Detroit Pistons: 5 Major Reasons They Are Stuck in Second Gear
The Bad Boys of Detroit are long gone.
The current team consists of emerging draft picks, free agent pieces, and aging veterans who will soon move on.
Watching this team night after night this season you will notice that they are competitive now.
They have shifted out of first gear since Tracy McGrady started playing the point and Rip went to the bench, but now they are stuck in 2nd.
Here are the Five biggest reasons they could be stuck there for a while.
No Intimidation in The Paint
Nothing to intimidate around the basket.
During Joe D's playing days Bill Lambier would knock his mom down if she tried to drive to the basket and John Salley would block the shot if it did go up.
If he missed the block Dennis Rodman would come down with the rebound and high step it to the other end.
15 years later Ben Wallace refused to give up any easy baskets and opponents knew it. Rasheed Wallace's length was intimidating because he could block anything and didn't mind committing tough fouls.
Today..not so much.
Greg Monroe is developing into a terrific rebounder at both ends, and committed a nice foul on Stoudemire last night to keep him from throwing one down.
Unfortunately, it is a rare sight in 2011 Instead the Pistons are making bench players from every team in the league look like All-Star dunk champions without even contesting them.
On breakaways they just let the guy score for fear of committing a foul.
For True Blue Pistons fans, it's hard to watch.
No Idea How to Defend the Pick and Roll
You can go to any High School game in America and find teams running the good ole' pick-and-roll.
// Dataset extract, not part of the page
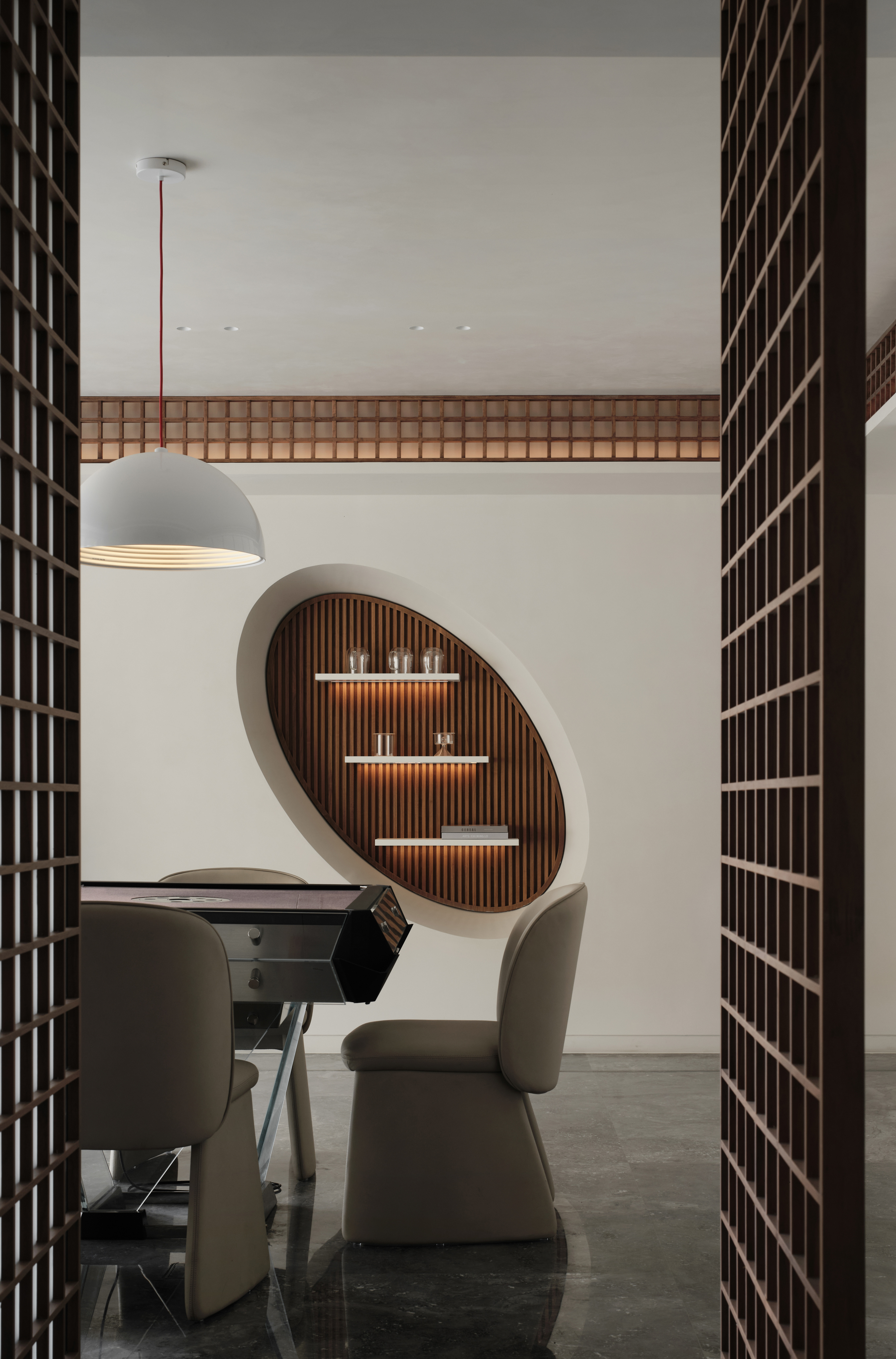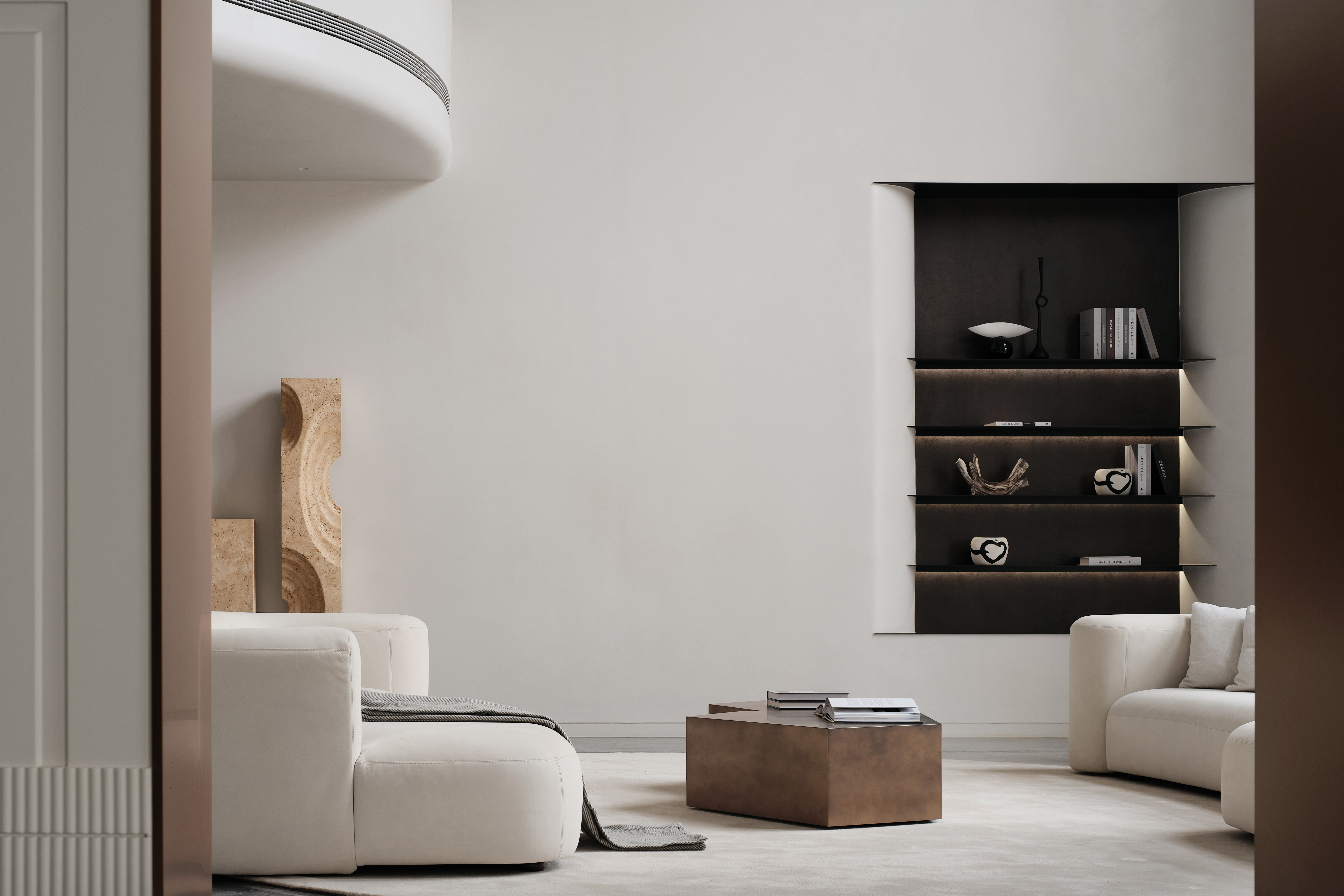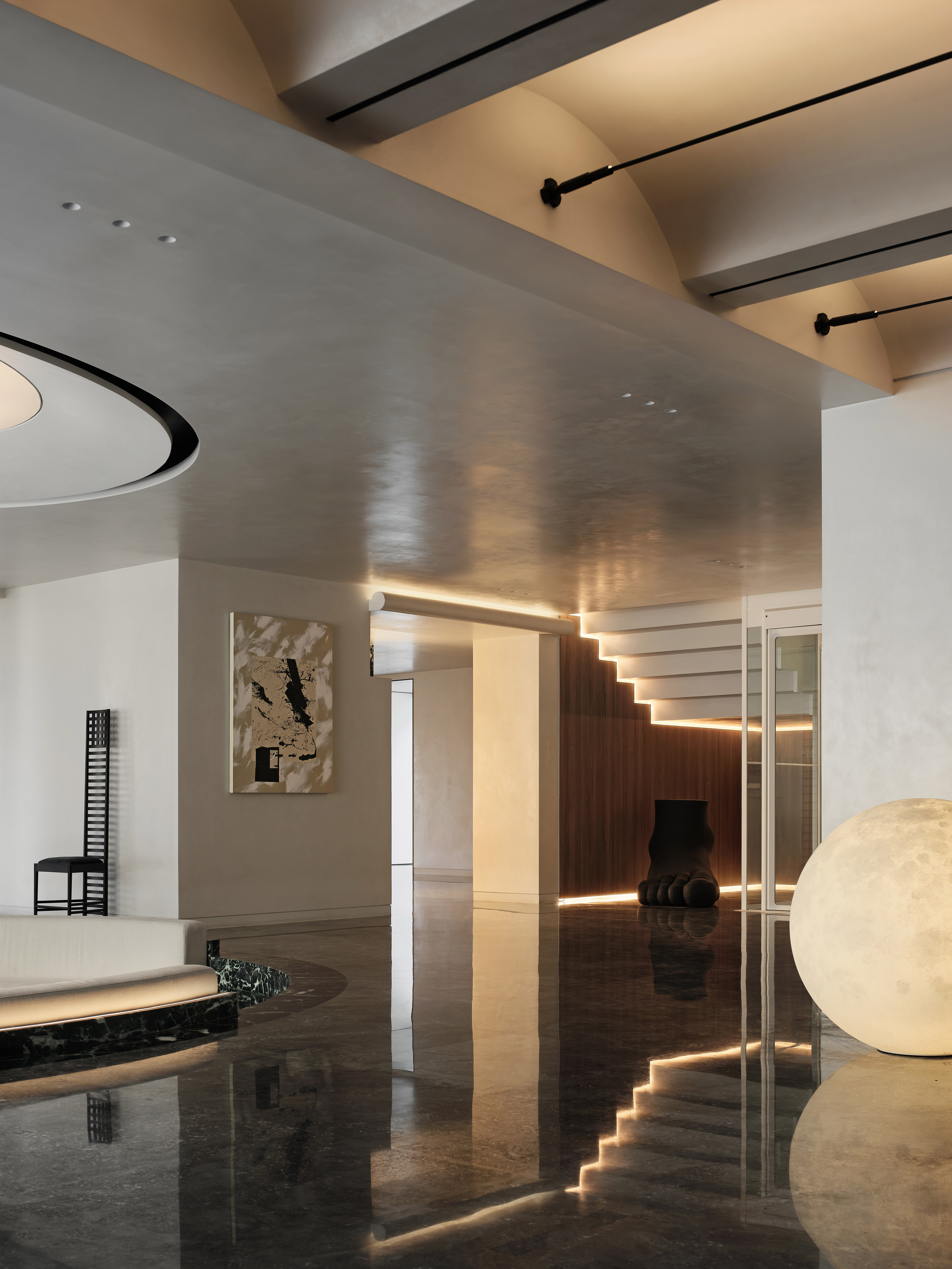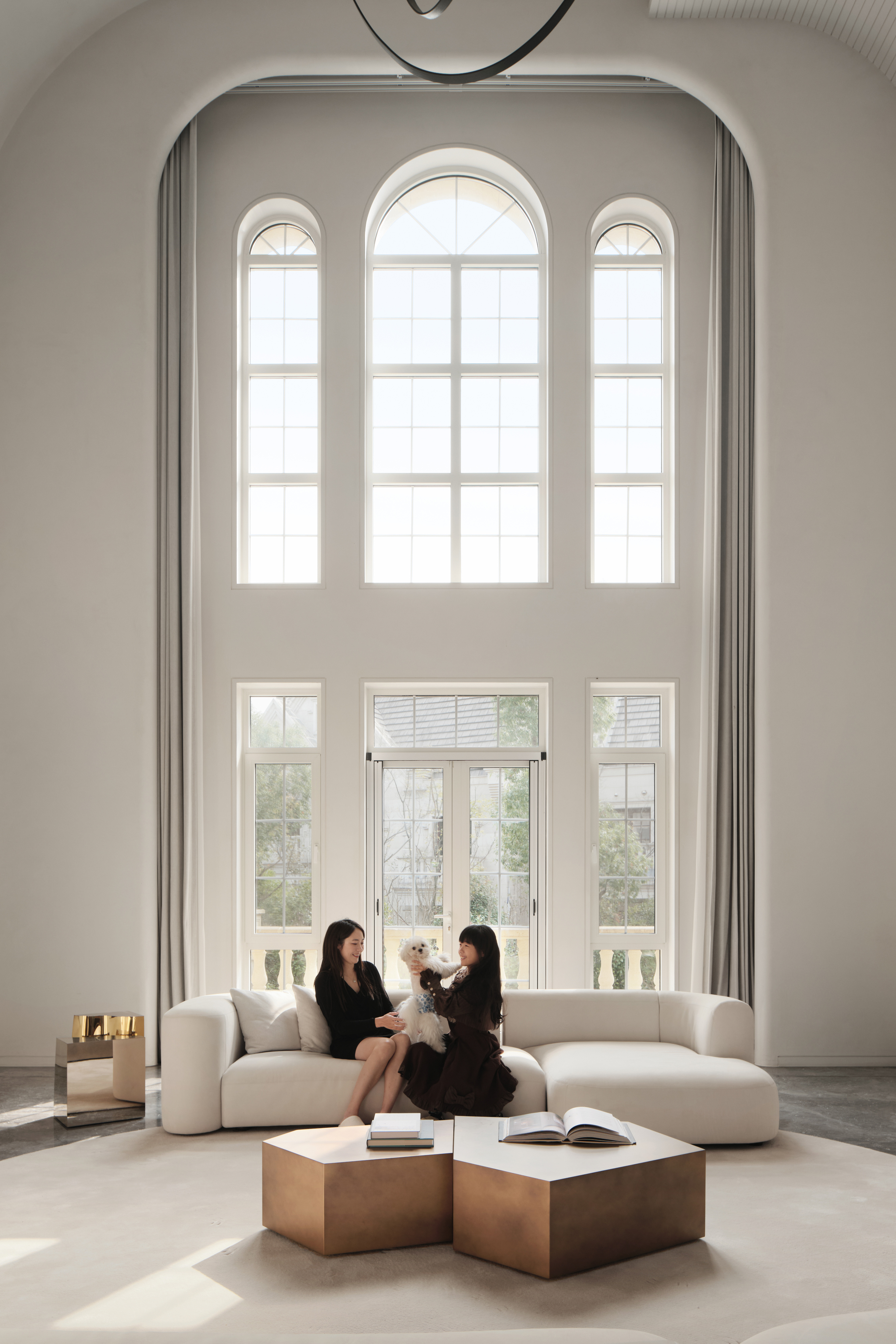 空间意境:曲、直线条勾勒空间轮廓,开放式挑高弧形顶面

You would think that by the time guys make it to the NBA they would understand what that looks like and how to defend it.
Every night you will see Greg Monroe above the three point line chasing someone on a pick-and-roll switch, and what do you think is going on behind him?
That's right fans, a gaping hole, with a red carpet to the basket, because as we know there's nothing intimidating in there, especially when your "center" is guarding a Point Guard above the arc.
They actually look surprised when that guy passes the ball to a wide-open guy standing under the basket.
It seems like they try to have Monroe trap that guy, and then steal a pass going into the paint, but instead it puts them in a situation of running, a step behind each pass.
Sure, they each pat themselves on the chest and say "my bad" to their teammates, but how about us fans. Maybe we deserve an apology too.
This one has to fall on the coach too though.
It's no surprise that teams like the Spurs, Lakers, and Celtics defend the pick-and-roll very well, forcing teams to take more jumpers. Those teams are well-coached and preach defense.
They Don't Move Their Feet on Defense
The key to good defense starts with the feet. You have got to keep your knees bent and be willing to keep them bent as you move quickly to stay in front of your man.
This forces a pass or jump shot. If it's a jumper you can stay on your feet and contest the shot.
Don't foul, don't jump out of the building and give him an easy lay up, just contest the shot and percentages go down.
Charlie Villanueva seems content to go for reach-around steals instead, because it's so much less work than all that darned knee-bending.
He's not alone either. Austin Daye tries hard, but stands up too tall and when he figures that out... it's always too late.
The bright spot is Greg Monroe who is showing improvement in this area. Just last night against the Knicks he had Stoudemire driving to his left and would normally have fouled him.
This time he got his feet set as far left as he could and got tall to contest the shot without fouling him. The shot was missed and the Pistons grabbed the rebound.
The rest of the team, or their replacements, will need to work as hard as Monroe is to improve this part of their game if they are to get better.
They Stop Moving on Offense
At times the Pistons just get lazy on offense. They go long stretches where they come up the floor and try to post someone up but the other team defends it well.
Rather than set a pick, pass the ball, or run around to get open, they just stand there until the clock is almost up and take a terrible shot.
Usually, they have a hand in their face and heave up a shot that doesn't even get rim, leaving them walking back up the court.
This is a big reason their 8-point leads evaporate quicker than sweat on the floor.
The coach either needs to recognize that the guys are tired and get some energy off the bench, or guys just need to work harder to get a quality shot every time up the floor.
No Idea How to Finish
Despite their flaws on defense, they are able to bear down enough, and produce enough offense to remain competitive in games.
They are able to remain competitive just long enough to convince us they have a chance to win the game.
Then, the inexplicable unguarded guy in the lane gets a dunk, or we commit a ridiculous foul after playing 20 seconds of good defense, giving the other team two shots.
Then, the other team steps up their defensive pressure and closes the door.
This one is actually the least worrisome because they are young and Kuester is letting them get the necessary playing time. Eventually they will learn how to finish a little stronger.
Unfortunately, if they don't commit to playing great defense they will be floating around the last playoff spot for years to come.